Как литератор по части
поэзии Дмитрий Мережковский заслужил себе первые признания, но поэзия не стала
единственным увлечением. По части литературной критики его выступление (лекция
в Соляном городке в 1892 году) «О причинах упадка и о новых течениях
современной русской литературы» произвело очень сильное впечатление на
литературную общественность и на долгие творческие годы определило отношение к
нему как к критику. Издание книги с одноименным названием пробудило новое
литературное течение, первые идеи которого были воплощены еще в стихах и изданы
в поэтическом сборнике «Символы». В своей книге «О причинах упадка…»

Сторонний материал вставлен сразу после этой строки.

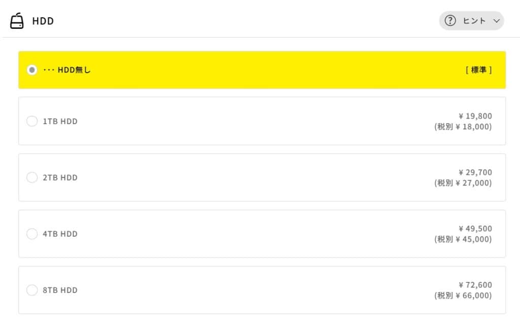 標準では「HDD無し」となっています。ゲームの起動やPCの動作速度にはSSDが重要なため、HDDが無くても快適さに影響はありません。
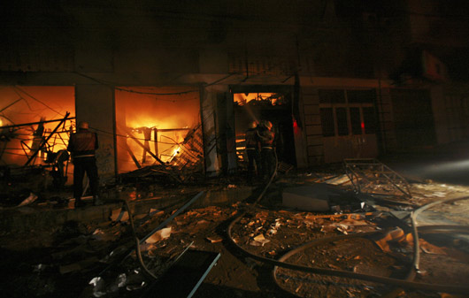 以色列的導(dǎo)彈襲擊摧毀了加沙城的一個印刷廠,巴勒斯坦消防員試圖撲滅火災(zāi)。
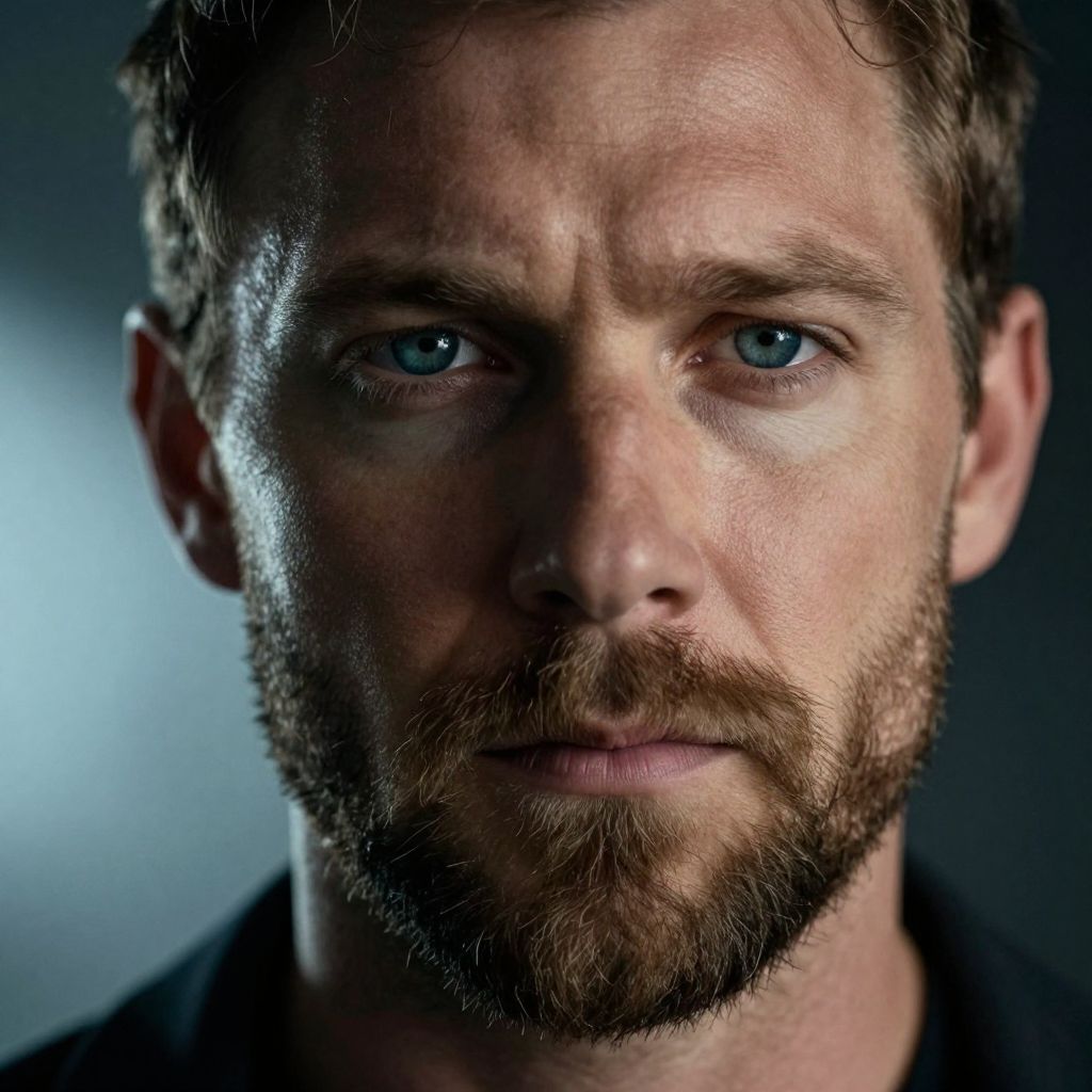 Close-up photograph of a bearded man with blue eyes, short brown hair, and slightly furrowed brows, illuminated by soft, blue light.

Мережковский намечает пути развития Российской литературы и выделяет три
элемента нового искусства: «мистическое содержание, символы и расширение
художественной впечатлительности» (2. С. 172). Среди Великих Русских писателей,
воплотивших черты «новой идеальной поэзии» он называет Тургенева, Толстого,
Достоевского и Гончарова. Наряду с Титанами «из всех наших писателей, —
отмечает он, — Гоголь обладает наибольшей способностью символизма. Каждое его
произведение — художественная система образов, под которыми скрыта вдохновенная
мысль. Читая их, вы испытываете то же особенное, ни с чем не сравнимое чувство
широты и простора, которое возбуждает грандиозная архитектура, — как будто
входите в огромное, светлое и прекрасное здание. Характеры — только часть
целого, как отдельные статуи и барельефы, размещенные в здании, только ряд
символов, нужных поэту, чтобы возвысить читателя от созерцания частного
проявления к созерцанию вечного.» Мережковский приводит слова Гете: «Чем
несоизмеримее и для ума недостижимее поэтическое произведение, тем оно
прекраснее; поэтическое произведение должно быть символично». «Символами могут
быть и характеры, — замечает Мережковский, — Идею таких символических
характеров никакими словами нельзя передать, ибо слова только определяют,
ограничивают мысль, а символы выражают безграничную сторону мысли» (2. С. 173).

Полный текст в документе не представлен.